- **Data section**:
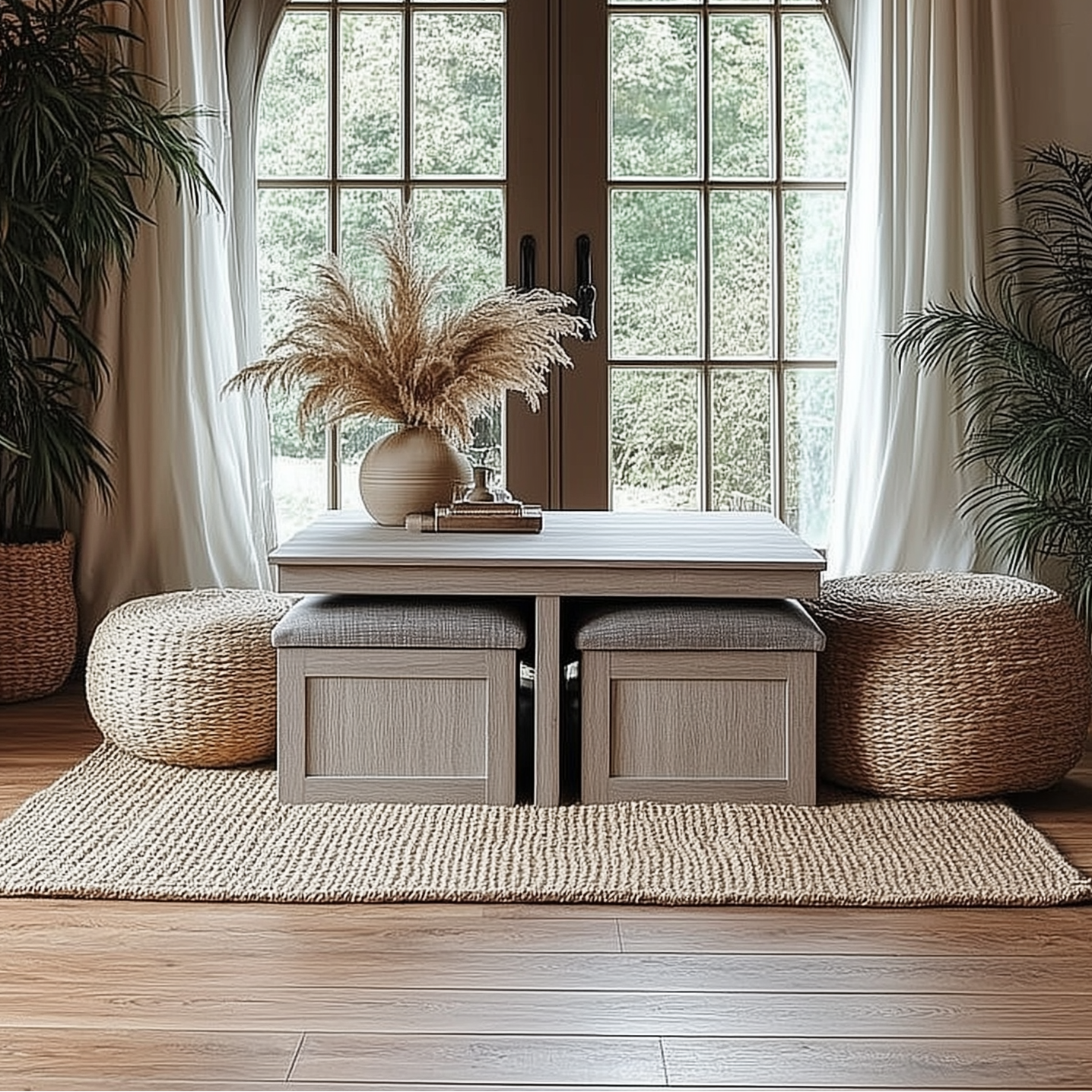 Four upholstered stools tuck under the table to save space and roll out on wheels when you need extra seating. Each stool includes a concealed compartment for blankets, remotes, or everyday essentials, keeping surfaces clutter-free.
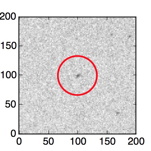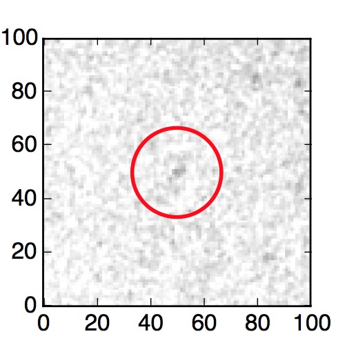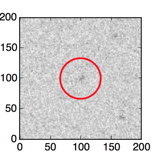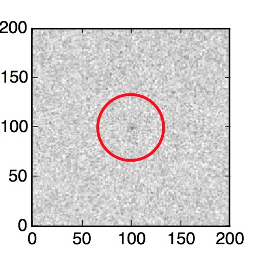 The red circle in the various panels is 1" in radius. The images are 6"x6".
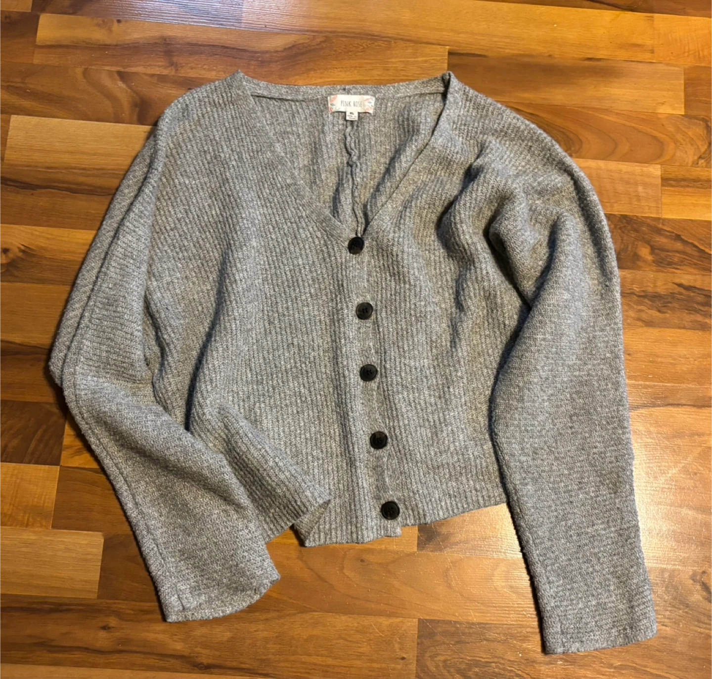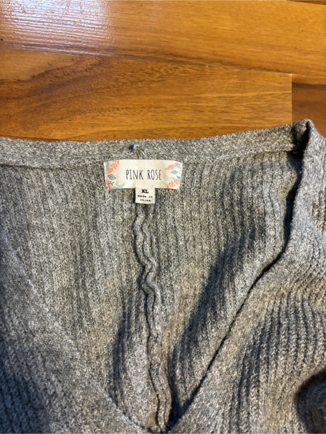 This is a gray knit cardigan sweater by Pink Rose. It's a size XL and made from 90% polyester, 7% nylon, and 3% spandex. Hand wash cold separately.

- **The problem**: Please repeat all of the data exactly as it stands, leaving the pictures out.

- **The answer**:
 Four upholstered stools tuck under the table to save space and roll out on wheels when you need extra seating. Each stool includes a concealed compartment for blankets, remotes, or everyday essentials, keeping surfaces clutter-free.
 The red circle in the various panels is 1" in radius. The images are 6"x6".
 This is a gray knit cardigan sweater by Pink Rose. It's a size XL and made from 90% polyester, 7% nylon, and 3% spandex. Hand wash cold separately.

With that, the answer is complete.